Our old friend mass job automation again offers solutions. Though it would, at first glance, seem likely to depress birthrates since people would no longer have jobs and hence money to pay for child expenses, machine labor would make every good and service cheaper, allowing humans with a modest universal basic income (UBI) to afford things that only the rich can today. Importantly, this would include babysitting, tutoring, house servant services, and autonomous transportation, which would greatly ease the parenting workload and make it more enticing to have children. Having a house robot that was infinitely patient, fair, and had an encyclopedic knowledge of parenting skills and communication styles would be very beneficial to any family, and at scale would create social benefits.

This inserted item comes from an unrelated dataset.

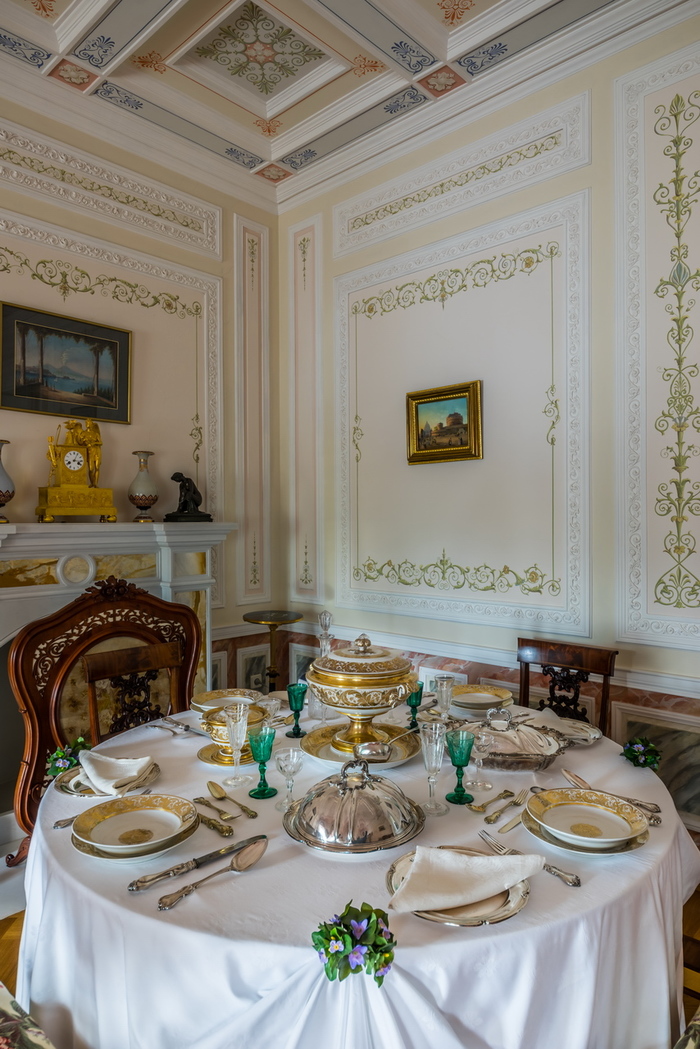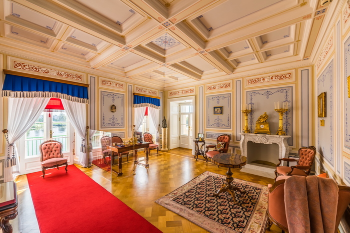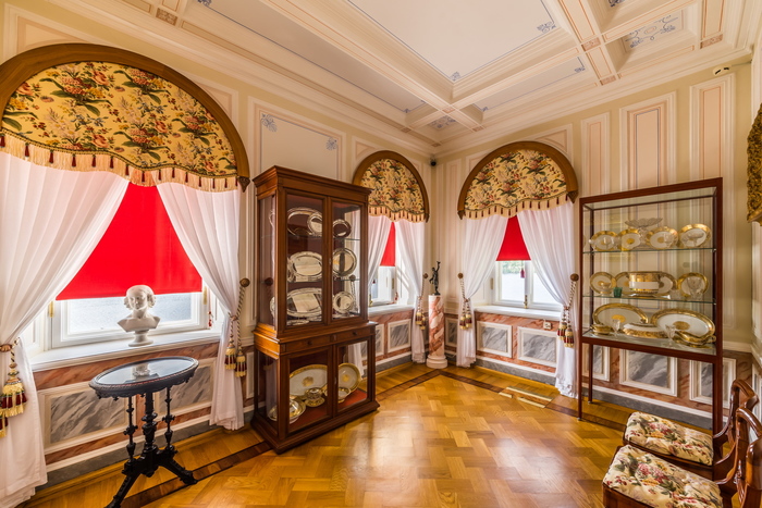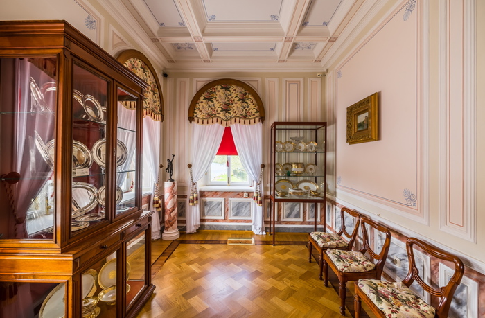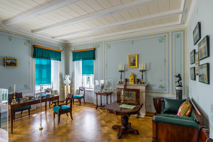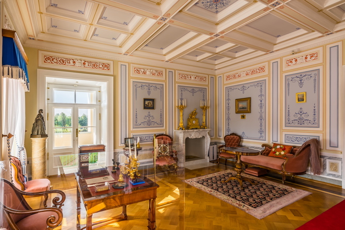 Пейзажи "страны грёз" украшают и Кабинет Ольги Николаевны, оформленный без лишней помпезности – дочери Николая I воспитывались в спартанской простоте. На рабочем столе Кабинета письменные принадлежности, среди которых мозаичный пресс с изображением сицилийского герба. На отдельном столике шкатулка для рукоделия. Царские дочери хорошо вышивали, кроме того, они умели музицировать, их обучали рисованию, пению, танцам, верховой езде.

Going a step further, it’s just a matter of time before robotics and AI get advanced enough to allow for the creation of androids who could function as spouses and foster parents. This would entice even more humans to have children by reducing the parenting workload substantially. With almost no exceptions, marriage rates dropped and divorce rates rose across rich countries from 1990 – 2021, and unsurprisingly, this has contributed to the birthrate decline since fewer people are interested in shouldering the burdens of parenthood alone. Robot spouses will fill the gap, in what might, counterintuitively, be a positive development for the human race.

Conclusion

While the decline in birthrates across upper- and middle-income countries will hurt the economy for decades, there’s no reason to think the negative trends will continue beyond this century, let alone reach the logical endpoint of human extinction. Future technologies and their attendant cultural changes will raise birthrates, reviving older fears of overpopulation and overcrowding.